Monday, June 25, 2018

Woodenbridge World War I Memorial Park

1,192 men and women from my native County Wicklow lost their lives in World War I - I did not know this. While leaving the Woodenbridge Hotel after a lovely lunch with my Mum and Dad last Saturday I noticed a sign for a memorial park which is about 50 metres from the hotel. It is located beside the River Aughrim and also on part of the old railway line that ran between Avoca and Shillelagh. The Stonehenge themed format of granite slabs lists the almost 1,200 people from each town and its surroundings in Wicklow, including 12 names from our native Carnew. Many surnames, like Doyle and Byrne, feature on nearly every slab - so many families in Wicklow were affected by the war. My Dad was deeply focused on the familiar names from families that he knew in the Tinahely, Carnew, and Shillelagh areas. Although he was born just 13 years after the war ended, names such as Noblett, Doran, Dowse, and Somers are very familiar to him. 

In the peaceful setting of this memorial garden in Woodenbridge it is hard to feel the horror of the war.
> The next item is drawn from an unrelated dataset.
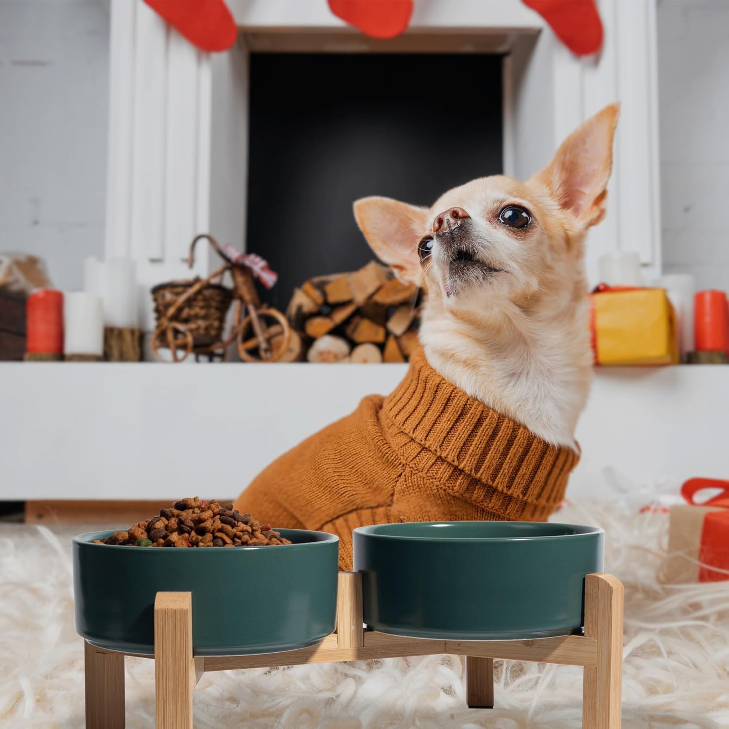 Elevated Ceramic Dog Bowl Set - Raised Feeding Bowls with Non-Slip Bamboo Stand - Small Pet Dishes for Food and Water - Ideal for Cats and Puppies - 16.23 OZ - 2 Cups - 480 ML

Woodenbridge is also the setting of a famous speech when on Sunday 20th September 1914, John Redmond (leader of the Irish Parliamentary Party) urged Irish men to join the British army in the belief that it was for the common good. Little could he have thought that many of those who answered his call would die facing German and Turkish bullets. 1,192 dead Wicklow people (almost one for every day of the war which lasted 1,564 days) is a terrible toll undoubtedly repeated in every county in Ireland.  

My Dad was also interested in the location of the railway line, which he remembers taking in the 1930s and 1940s before it closed. In the photos below you can see the remains of a bridge over the River Aughrim, and some walls on either side of the river are still standing. The railway line opened on 22nd May 1865, but closed for passenger and goods traffic on 24th April 1944. It was finally closed altogether on 20th April 1945. The section from Woodenbridge to Aughrim however remained open until 1953 - part of it today has been redeveloped as a walking route called the "Tinahely Railway Walk".